Record extracts:
□ □ □ □ □

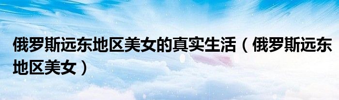 关于俄罗斯远东地区美女的真实生活,俄罗斯远东地区美女这个很多人还不知道,今天菲菲来为大家解答以上的问题,现在让我们一起来看看吧!
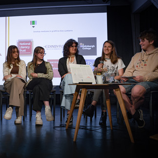 Om het harde werk dat zij in de productie van de krant hebben gestoken te vieren, presenteerden de studenten hun bijdragen aan de krant in het literatuurhuis Vodnik Homstead (waar ook onze partners Ljubljana UNESCO City of Literature gevestigd zijn), samen met journaliste Maida Džinić, die de reeks evenementen op de school in september 2021 aftrapte met een lezing over haar vluchtelingenervaring.
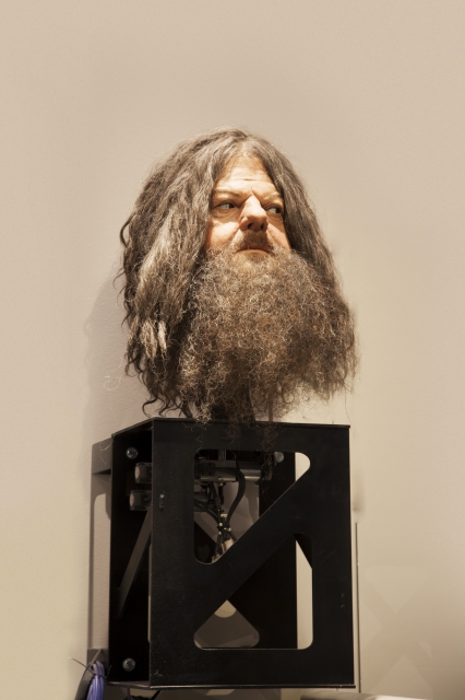次に、ツアー後半部分となる屋内展示場に入ります。はじめは特殊メイクのコーナーで各種展示物のほかに、特殊マスクを俳優に装着している撮影現場の写真や、マスクの作り方などを撮影したビデオ映像が流れています。
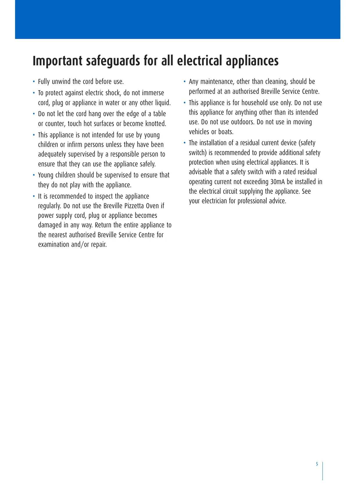 performed at an authorised Breville Service Centre.
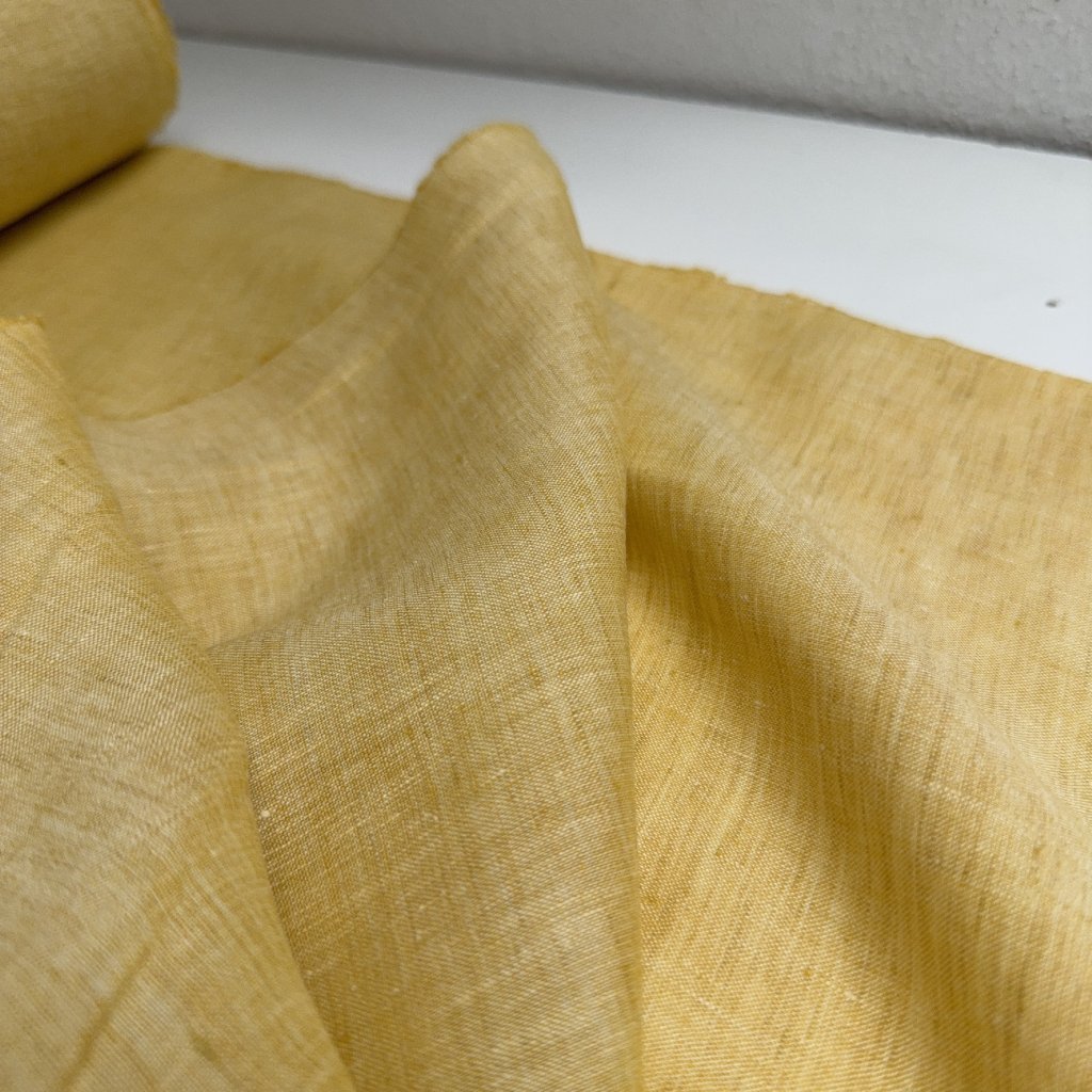 Vzorek - Slunečně třezalkové lehké lněné košilové plátno

□ □ □ □ □

Work to be completed:
In your copy, omit the pictures and restate every line of the data word for word.

Exercise solution:
 关于俄罗斯远东地区美女的真实生活,俄罗斯远东地区美女这个很多人还不知道,今天菲菲来为大家解答以上的问题,现在让我们一起来看看吧!
 Om het harde werk dat zij in de productie van de krant hebben gestoken te vieren, presenteerden de studenten hun bijdragen aan de krant in het literatuurhuis Vodnik Homstead (waar ook onze partners Ljubljana UNESCO City of Literature gevestigd zijn), samen met journaliste Maida Džinić, die de reeks evenementen op de school in september 2021 aftrapte met een lezing over haar vluchtelingenervaring.
次に、ツアー後半部分となる屋内展示場に入ります。はじめは特殊メイクのコーナーで各種展示物のほかに、特殊マスクを俳優に装着している撮影現場の写真や、マスクの作り方などを撮影したビデオ映像が流れています。
 performed at an authorised Breville Service Centre.
 Vzorek - Slunečně třezalkové lehké lněné košilové plátno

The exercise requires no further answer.